**Material for this task**
--------------------------------
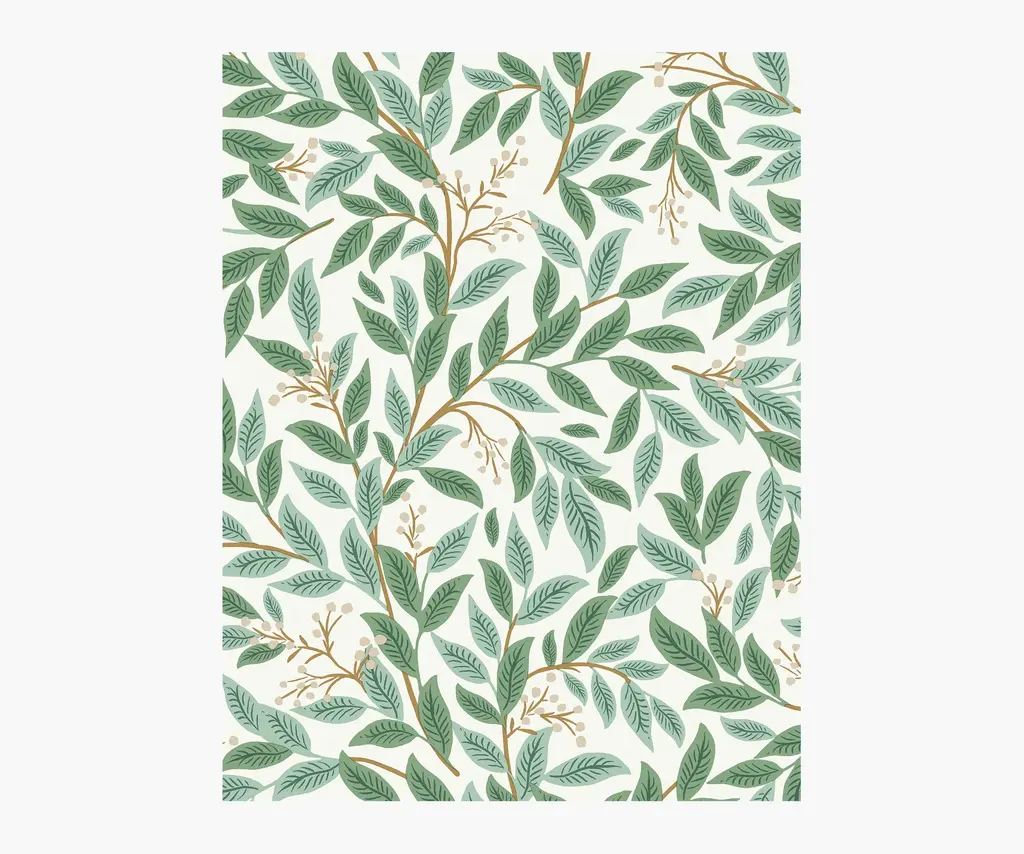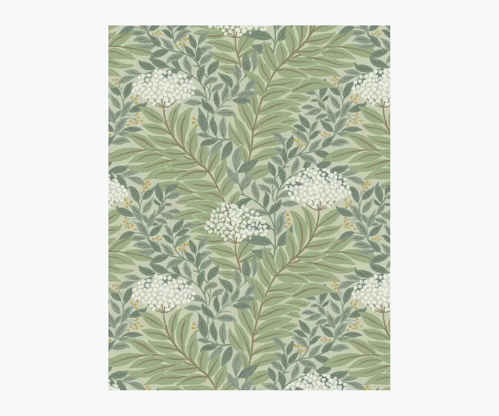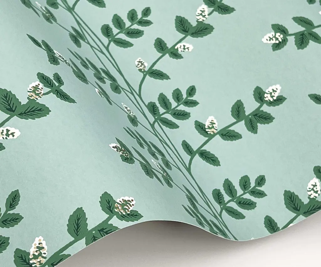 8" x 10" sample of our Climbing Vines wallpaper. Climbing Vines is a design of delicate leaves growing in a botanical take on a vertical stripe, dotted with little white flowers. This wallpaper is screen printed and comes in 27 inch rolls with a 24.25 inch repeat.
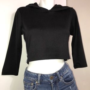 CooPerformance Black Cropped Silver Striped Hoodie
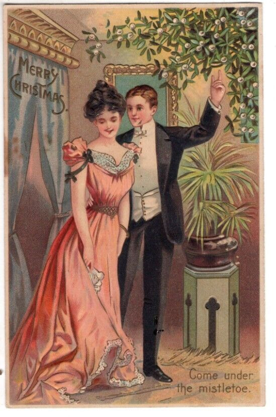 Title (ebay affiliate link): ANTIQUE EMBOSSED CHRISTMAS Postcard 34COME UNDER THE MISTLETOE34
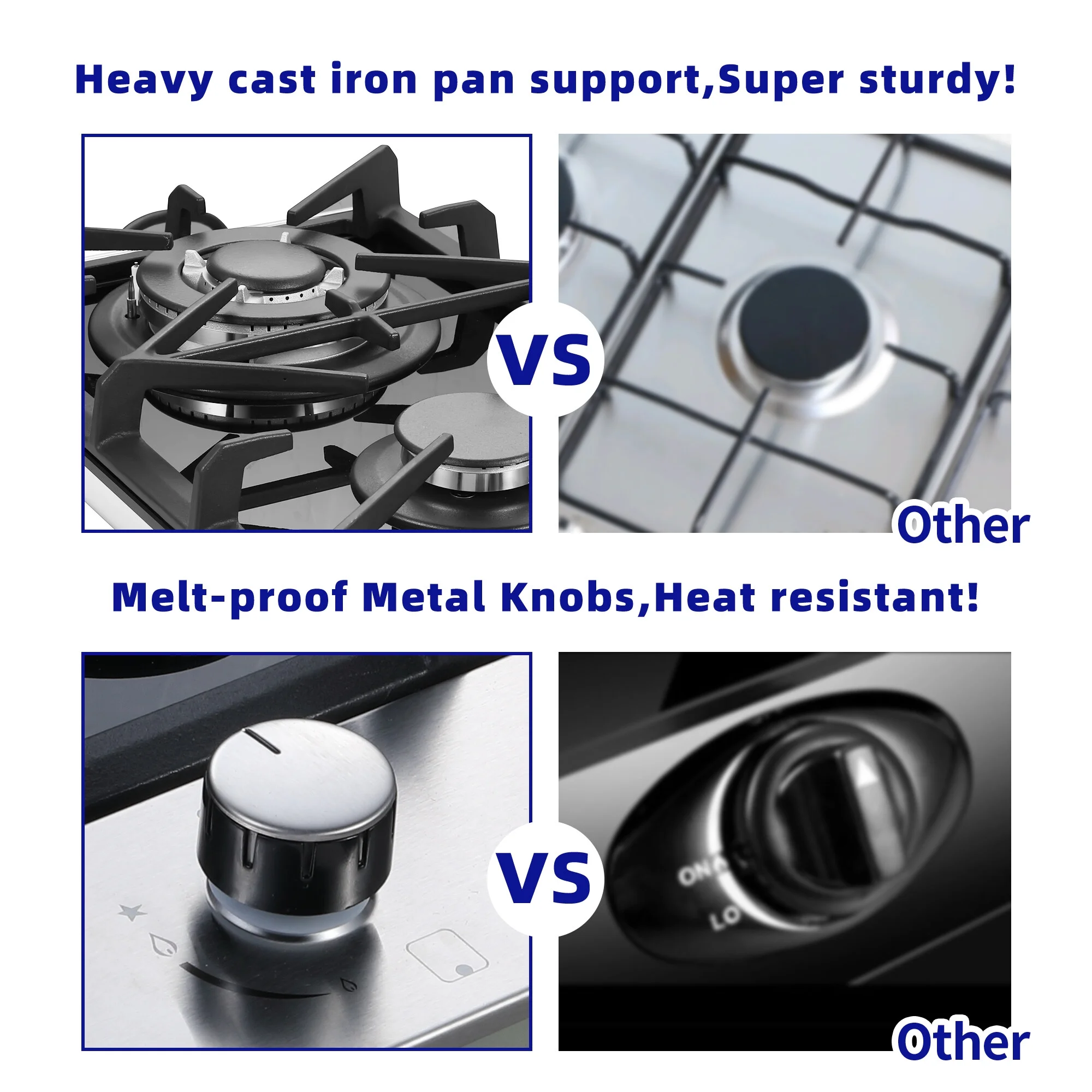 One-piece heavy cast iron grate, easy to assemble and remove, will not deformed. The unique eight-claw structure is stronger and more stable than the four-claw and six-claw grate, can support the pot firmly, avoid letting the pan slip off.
--------------------------------
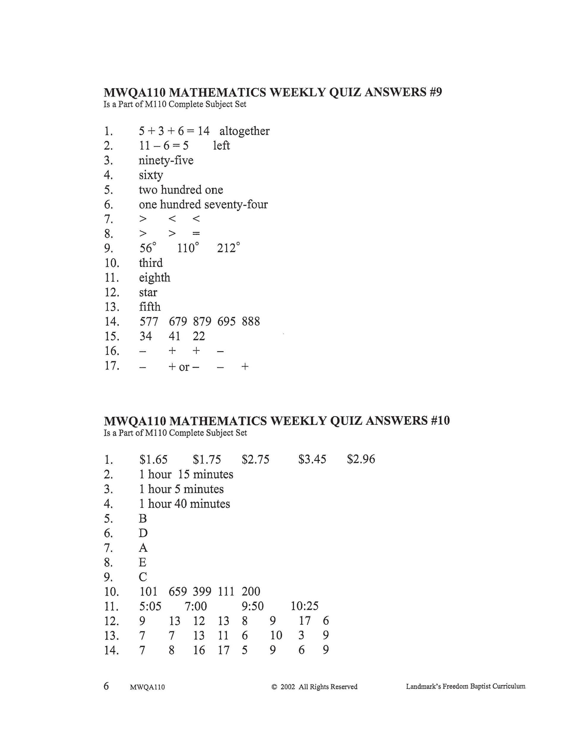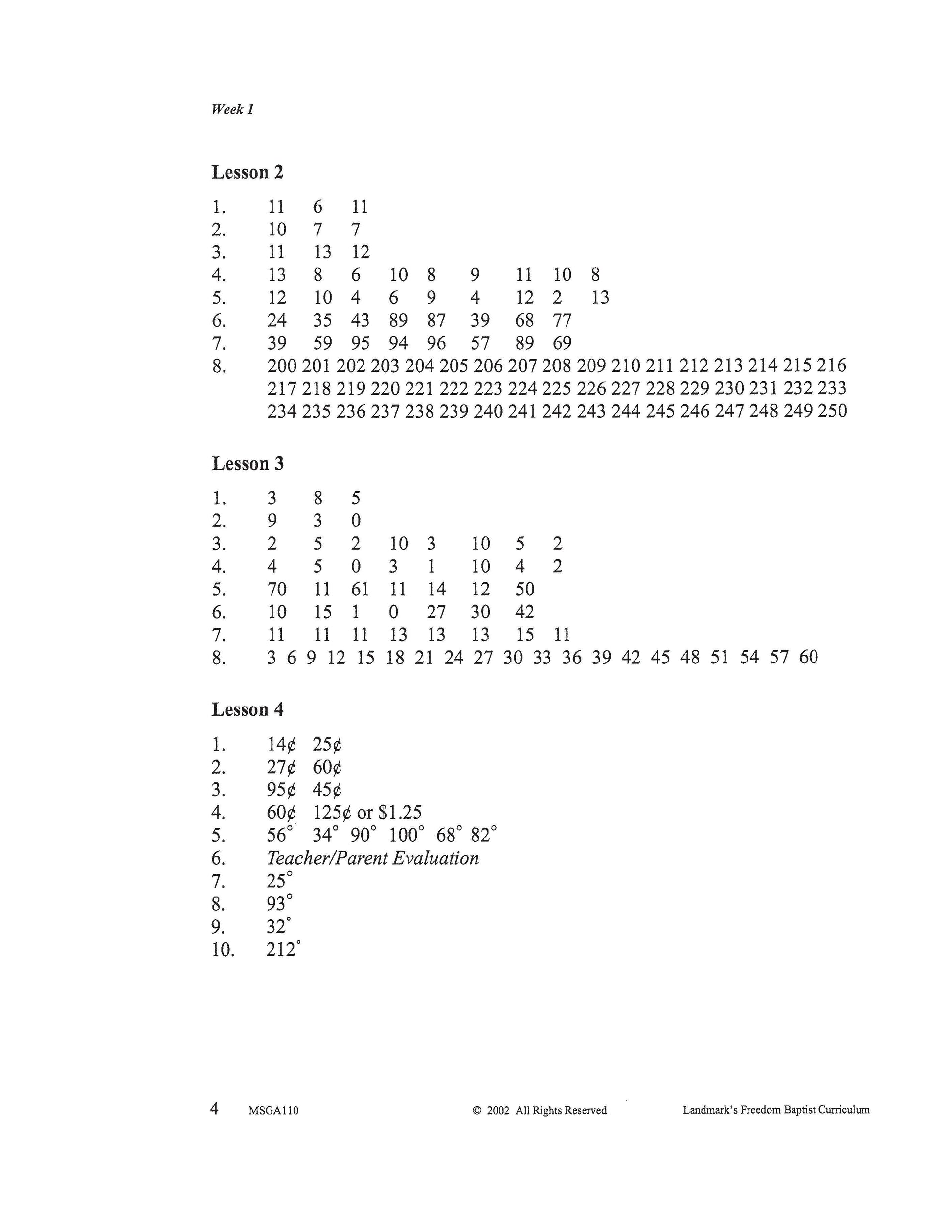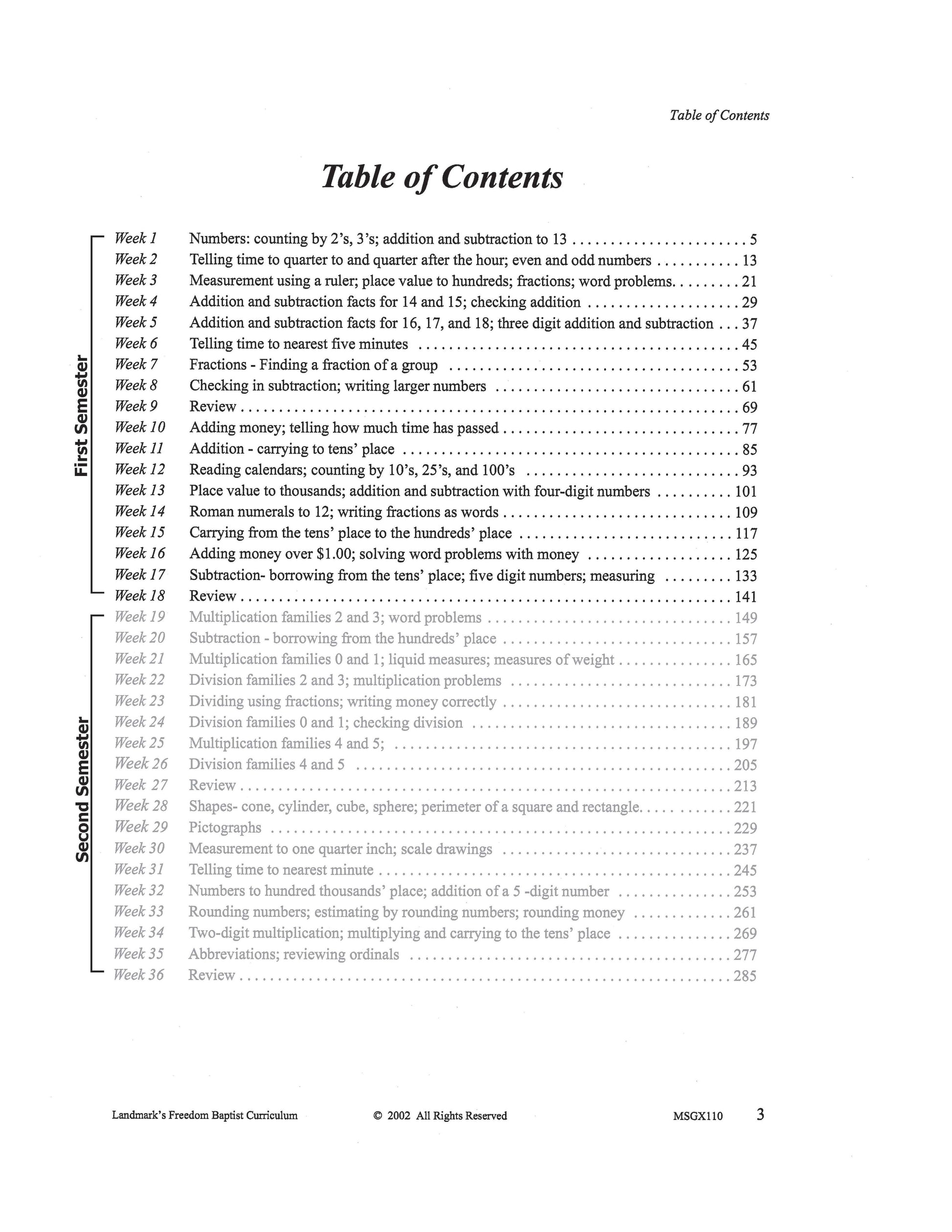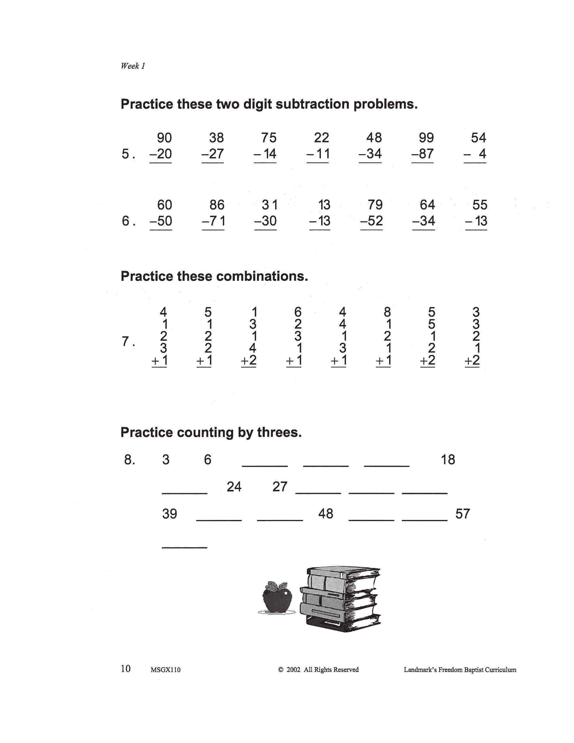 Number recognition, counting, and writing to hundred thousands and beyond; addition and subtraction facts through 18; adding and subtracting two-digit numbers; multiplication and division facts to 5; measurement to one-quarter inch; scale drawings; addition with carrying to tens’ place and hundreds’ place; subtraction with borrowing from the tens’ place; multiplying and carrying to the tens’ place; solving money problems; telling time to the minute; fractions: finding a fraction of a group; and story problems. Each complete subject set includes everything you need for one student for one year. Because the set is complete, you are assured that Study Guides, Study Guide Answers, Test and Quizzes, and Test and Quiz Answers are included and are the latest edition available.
--------------------------------
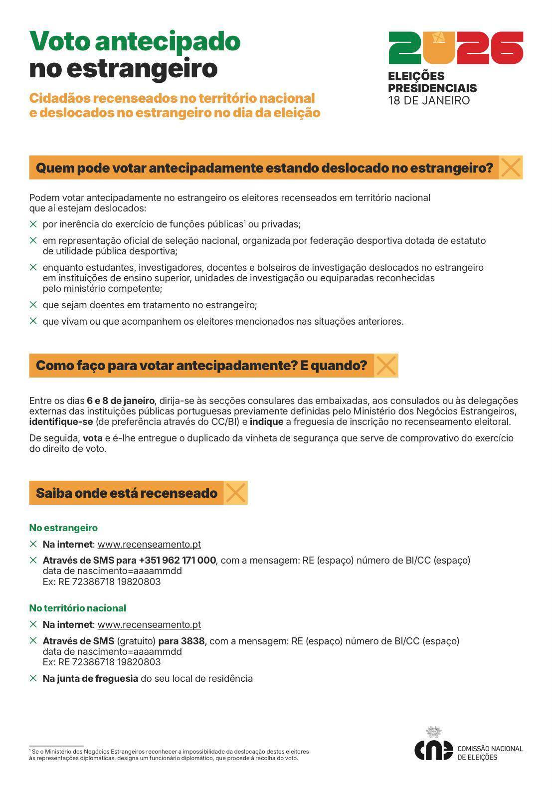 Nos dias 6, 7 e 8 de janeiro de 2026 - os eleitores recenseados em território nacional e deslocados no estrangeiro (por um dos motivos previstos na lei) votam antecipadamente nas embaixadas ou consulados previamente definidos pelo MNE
--------------------------------
**The problem**
After locating "24.25 inch repeat." and "One-piece heavy cast" in the records above, return exactly the line holding each one and every line between them; leave out the pictures.

**Answer below**
 8" x 10" sample of our Climbing Vines wallpaper. Climbing Vines is a design of delicate leaves growing in a botanical take on a vertical stripe, dotted with little white flowers. This wallpaper is screen printed and comes in 27 inch rolls with a 24.25 inch repeat.
 CooPerformance Black Cropped Silver Striped Hoodie
 Title (ebay affiliate link): ANTIQUE EMBOSSED CHRISTMAS Postcard 34COME UNDER THE MISTLETOE34
 One-piece heavy cast iron grate, easy to assemble and remove, will not deformed. The unique eight-claw structure is stronger and more stable than the four-claw and six-claw grate, can support the pot firmly, avoid letting the pan slip off.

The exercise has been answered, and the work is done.